Gingrey is a Georgia Republican, a practicing physician and a member of the House Energy and Commerce subcommittee on health. “This is unacceptable,” he said.

Dan Haley, vice president and general counsel of Athenahealth, a Massachusetts-based health IT company, said, “it’s ludicrous that in the second decade of the 21st century you have technologies certified for ‘meaningful use’ that cannot talk to each other.”

“If 'meaningful use' was to mean anything," Haley said, "it should have meant the ability to share information across platforms. And it did not."

Athenahealth, which hosts health records in a cloud-based system, is one of the major electronic health records providers certified under the subsidy program.

Trouble occurred early in the government program when many firms sold the closed proprietary software, making it difficult for customers to easily switch to another competitor. Their customers were "locked in" to the software program.

“If you have interoperability, you no longer have ‘lock in’ which is one of your best tools as an EHR vendor to keep your client base," explained Michael Freidberg, a senior scientist at Rand Corp. who conducted a 2013 survey of doctor satisfaction.

“Let’s say you switched from Vendor A to Vendor B,” said Friedberg. “What ‘lock-in’ means is that you just can’t import that information very easily. In fact, you may not be able to import it at all.”

Thus the costs to doctors for switching vendors would be financially prohibitive. “You may have to retype medical records completely or abandon all the charts you’ve done over the last couple of years,” the Rand scientist said.

Friedberg said the situation is so dysfunctional today that doctors have reverted to faxing paper records again.

“The main way doctors are talking to each other on the same EHR in the same exact institution, they’re communicating by fax,” he lamented.

Joel White, executive director of Health IT Now, a coalition of health IT users, told the Examiner in an interview, “The process has been a race to the bottom.

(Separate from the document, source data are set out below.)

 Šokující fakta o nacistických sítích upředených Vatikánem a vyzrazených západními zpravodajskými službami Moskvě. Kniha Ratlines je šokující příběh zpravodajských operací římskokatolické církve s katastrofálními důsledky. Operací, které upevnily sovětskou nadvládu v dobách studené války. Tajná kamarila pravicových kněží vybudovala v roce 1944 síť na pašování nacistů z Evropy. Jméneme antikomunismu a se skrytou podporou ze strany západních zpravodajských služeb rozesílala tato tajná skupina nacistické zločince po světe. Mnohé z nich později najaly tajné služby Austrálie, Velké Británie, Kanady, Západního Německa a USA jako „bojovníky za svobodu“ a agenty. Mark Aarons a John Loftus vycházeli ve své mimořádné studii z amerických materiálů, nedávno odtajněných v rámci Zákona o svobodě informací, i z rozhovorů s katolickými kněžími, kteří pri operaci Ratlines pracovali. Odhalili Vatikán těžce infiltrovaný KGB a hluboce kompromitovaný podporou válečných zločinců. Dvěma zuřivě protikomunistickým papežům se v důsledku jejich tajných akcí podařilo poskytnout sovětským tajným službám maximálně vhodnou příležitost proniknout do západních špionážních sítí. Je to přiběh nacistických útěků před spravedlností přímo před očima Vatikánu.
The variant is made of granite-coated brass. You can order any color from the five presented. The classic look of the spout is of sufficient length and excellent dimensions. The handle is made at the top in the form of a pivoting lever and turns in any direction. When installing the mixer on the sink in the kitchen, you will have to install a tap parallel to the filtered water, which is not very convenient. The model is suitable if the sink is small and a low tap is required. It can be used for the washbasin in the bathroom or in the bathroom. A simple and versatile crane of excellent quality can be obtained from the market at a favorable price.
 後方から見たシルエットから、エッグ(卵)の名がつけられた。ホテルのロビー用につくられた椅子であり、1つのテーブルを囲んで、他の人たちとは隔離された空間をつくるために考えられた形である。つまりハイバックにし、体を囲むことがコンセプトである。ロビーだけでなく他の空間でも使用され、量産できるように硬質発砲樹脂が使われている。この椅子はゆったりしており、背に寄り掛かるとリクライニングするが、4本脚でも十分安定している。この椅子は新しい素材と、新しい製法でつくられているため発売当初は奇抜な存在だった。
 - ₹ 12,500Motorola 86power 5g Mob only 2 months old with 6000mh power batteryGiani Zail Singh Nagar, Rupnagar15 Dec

The process is broken.”

Obama inaugurated the EHR program in 2009 with passage of his Health Information Technology for Economic and Clinical Health Act, called HITECH.

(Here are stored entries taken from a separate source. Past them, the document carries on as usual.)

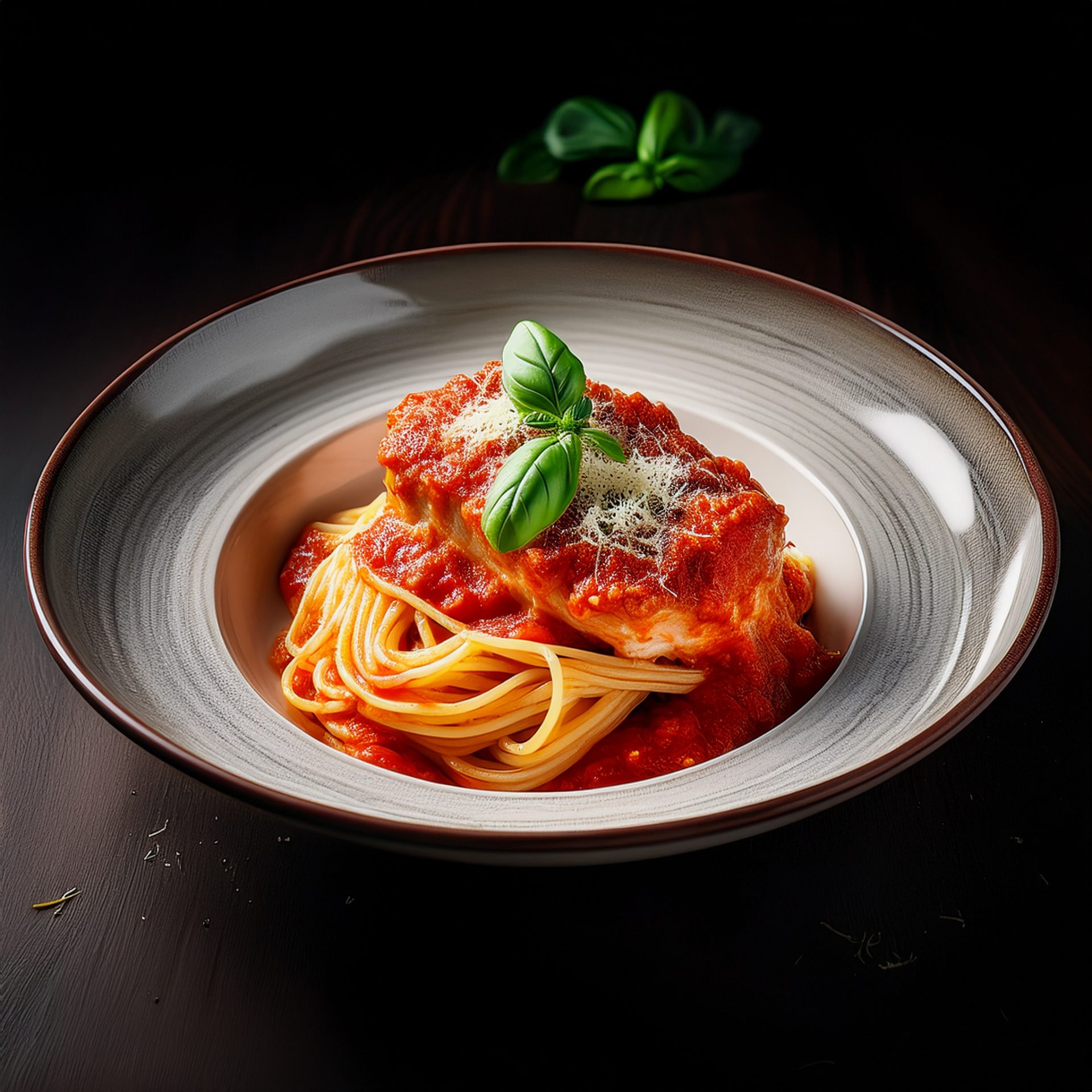 Escalope de porc parmigiana servi sur spaghetti sauce tomate
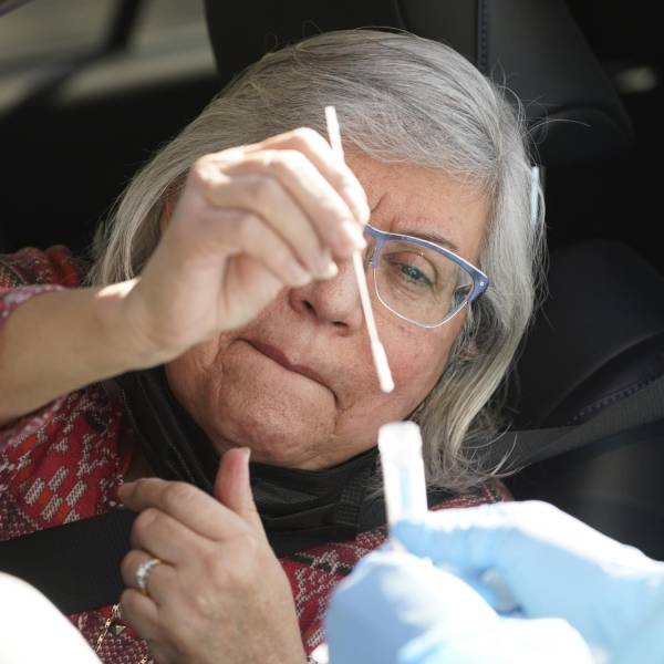 Diana Merchant se aplica una prueba de COVID-19 en Whittier, California, 25 de enero de 2022.( )
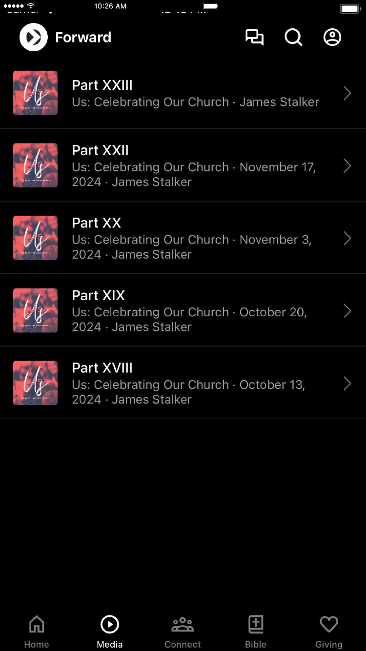 This app will help you stay connected with the day-to-day life of our church. With this app you can: watch or listen to past sermons; stay up to date with push notifications; share your favorite sermons via Twitter, Facebook, or email; and download sermons for offline listening.
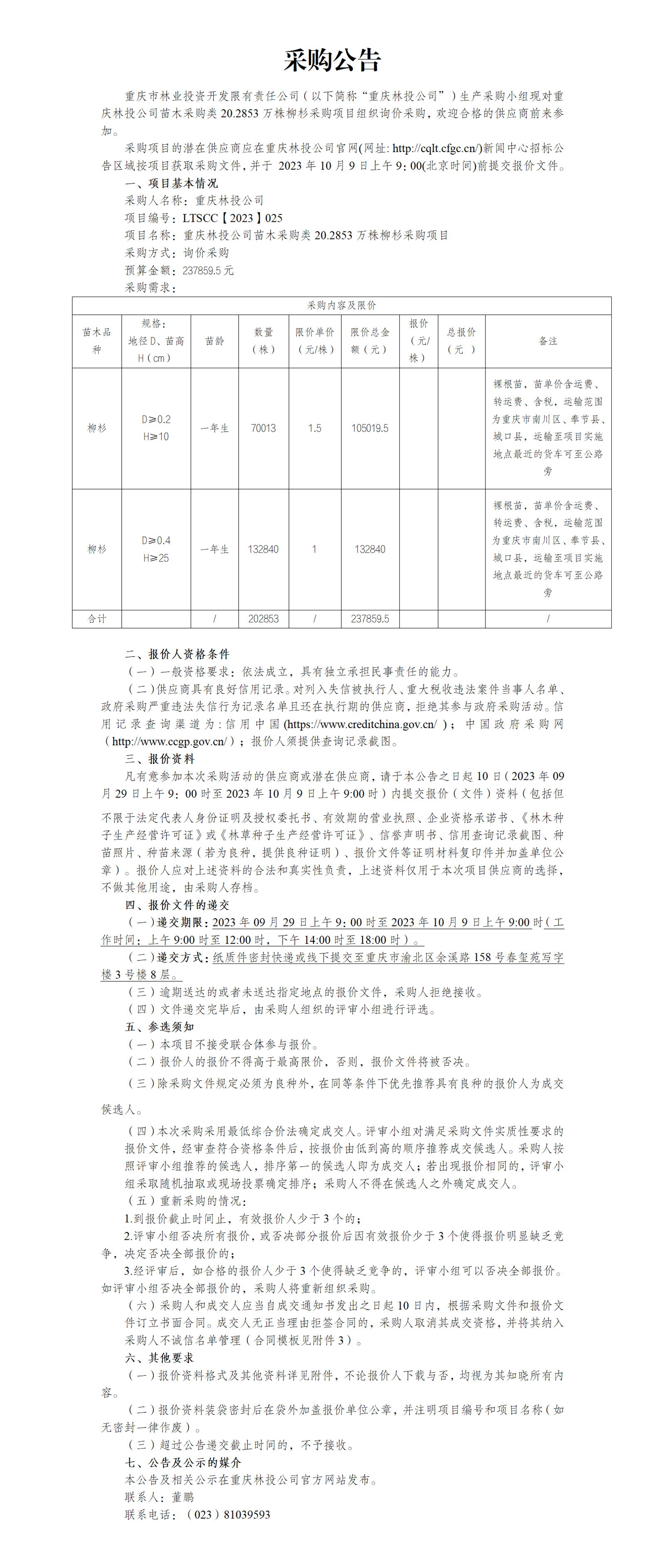采购公告重庆林投公司苗木采购类20.2853万株柳杉采购项目

He originally sought $50 billion in subsidies tucked away in the $789 billion economic stimulus program that year. But the Democratic Congress pared it down to $30 billion.

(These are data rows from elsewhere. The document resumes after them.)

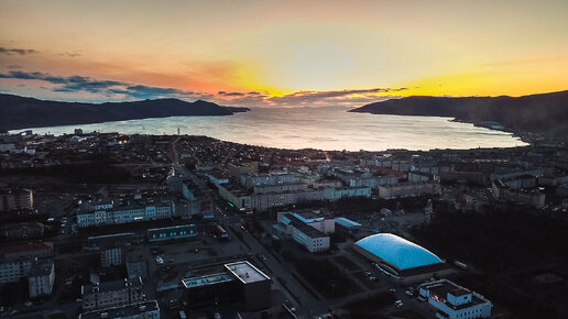 Как в полёте звучит квадрокоптер. Закат над Магаданом.
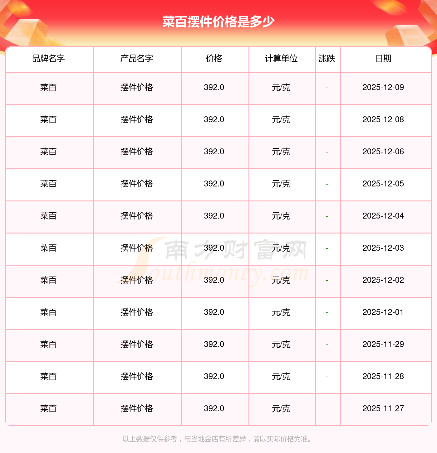 今日菜百 擺件價格,最新確定為392.0元/克。
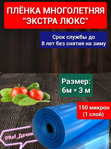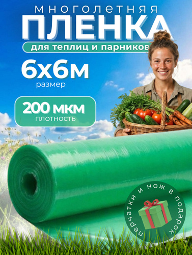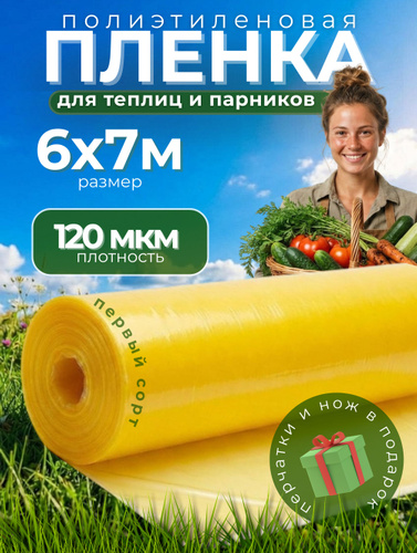 Парничок Пленка для теплиц ПЕВА (полиэтиленвинилацетат), Полиэтилен, 6x7 м, 150 г-кв.м, 150 мкм, 1 шт
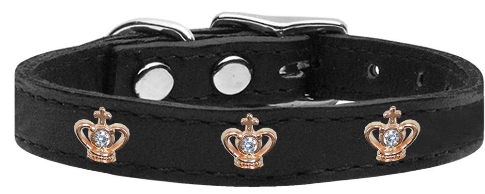 Gold Crown Widget Genuine Leather Dog Collar Black 12
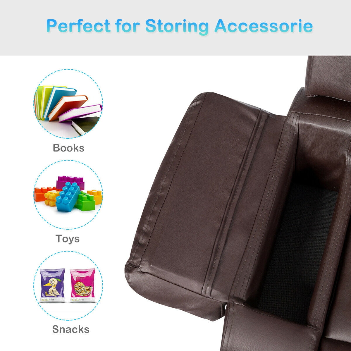 Description: Our PU leather kids sofa is designed to keep your children safe and comfortable, and it’s perfect for them to sit or lay on. They can read, eat snacks and watch TV on their own furniture with much entertainment to spare the leisure time. Filled by soft sponge, the seat is 2” thick so that gives your children much more comfort. Other than that, special design of the flip-up armrest allows your child to store snacks, books and cups so that your child can find the items in need within reach. And most importantly, covered by PU leather, this sofa is totally safe and healthy to your children because it is non-toxic and odorless. Don’ t hesitate to buy this sofa! Specification: Color:Brown Material: PU leather, Sponge and Iron Product Dimensions: 22” x 19.5” x 29” (L x W x H) Overall Size (fully extended): 36” x 39.5” x 25” (L x W x H) Height of Armrest: 19” Net weight: 33.5 lbs Maximum weight capacity: 110 lbs Suitable for ages: 2 – 8 years old Package includes: 1 x Kids Sofa 1 x Instruction
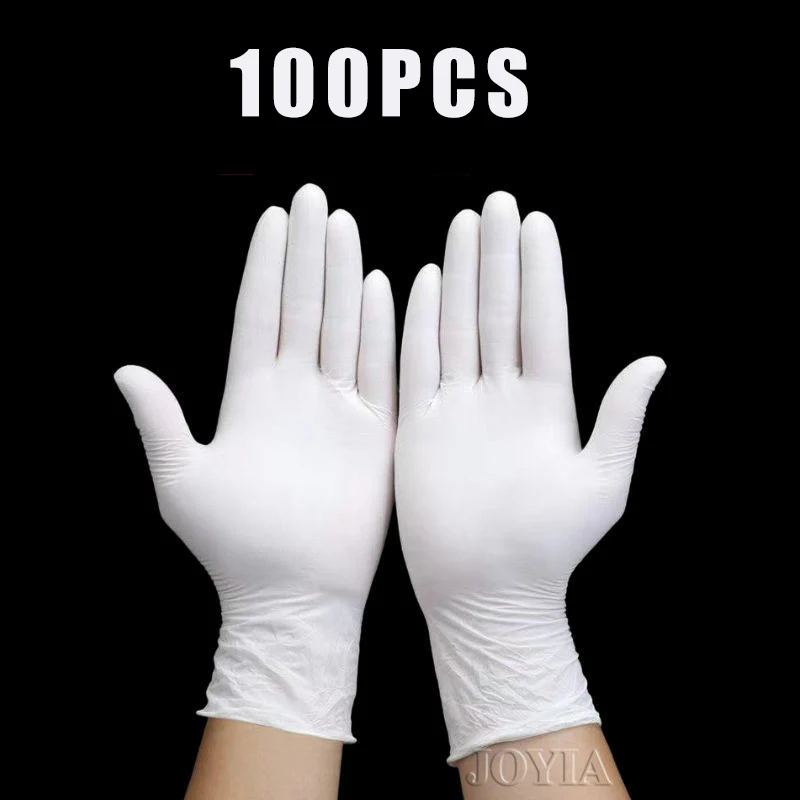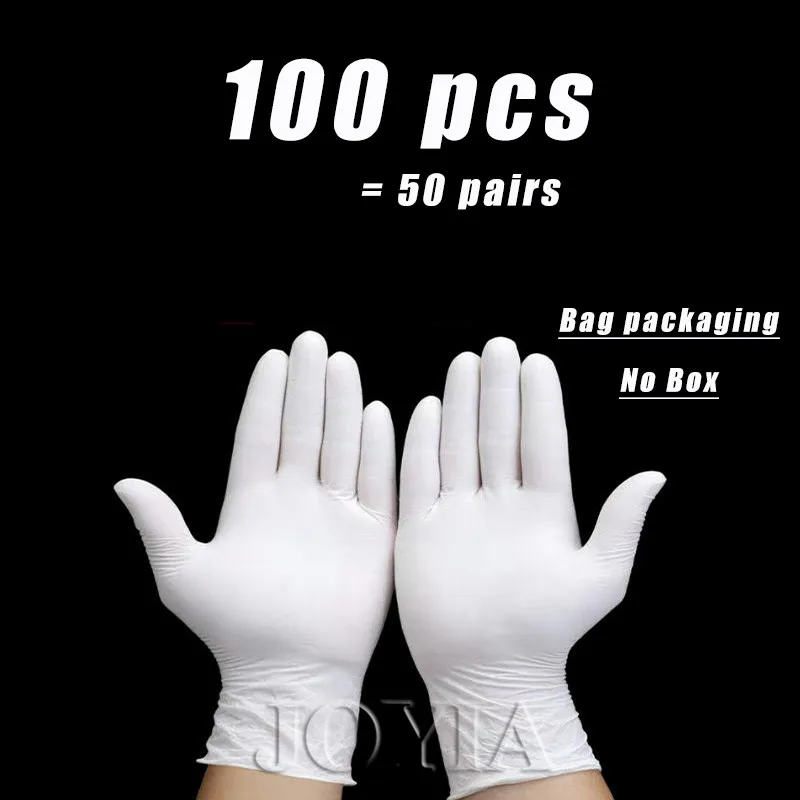 Белые нитрил перчатки 100 шт. одноразовые перчатки без порошка латекса виниловые смешанные перчатки Маленькие Средние Большие для домашнего использования на улице для работы

A 2013 Rand report on interoperability problems said the Obama administration “set a low bar for interoperability” and attributed it to pressure from large IT vendors.

“This [interoperability] problem might have been avoided if the federal government had pressed the issue when ‘meaningful use’ standards were being drafted,” the Rand researchers said. “Instead, interoperability standards were watered down.”

“Advocates of interoperability were disappointed,” the Rand scientists concluded. “In their view, dropping the requirement for functional health information exchanges eliminated the industry’s incentive to develop interoperability,” they stated.

An elite group of scientists called JASON, who work with the Mitre Corp. and were commissioned by HHS, warned government officials at an Oct. 15 governmental meeting in Washington that the interoperability problem was real.

“The current lack of interoperability for EHRs is a major impediment to the effective exchange of health information,” the JASON scientists reported to the group.

JASON told the federal IT group an entirely new network had to be built that was "open" or "public" if medical providers were to enjoy universal interoperability. They did not propose who would build such a new network or who would pay for it.

Bob Robke, vice president for the nation's largest health IT company, called Cerner Network, said his company did not oppose interoperability, but said the standards need to be updated, which could take years.

“To make universal interoperability happen, we need to have very clear standards. The standards we use today are 15 years old," Robke said.

"Then [we have to] figure out a network of choice for clients, so healthcare providers can do this just once, and try to figure out how to connect with all their different stakeholders independently."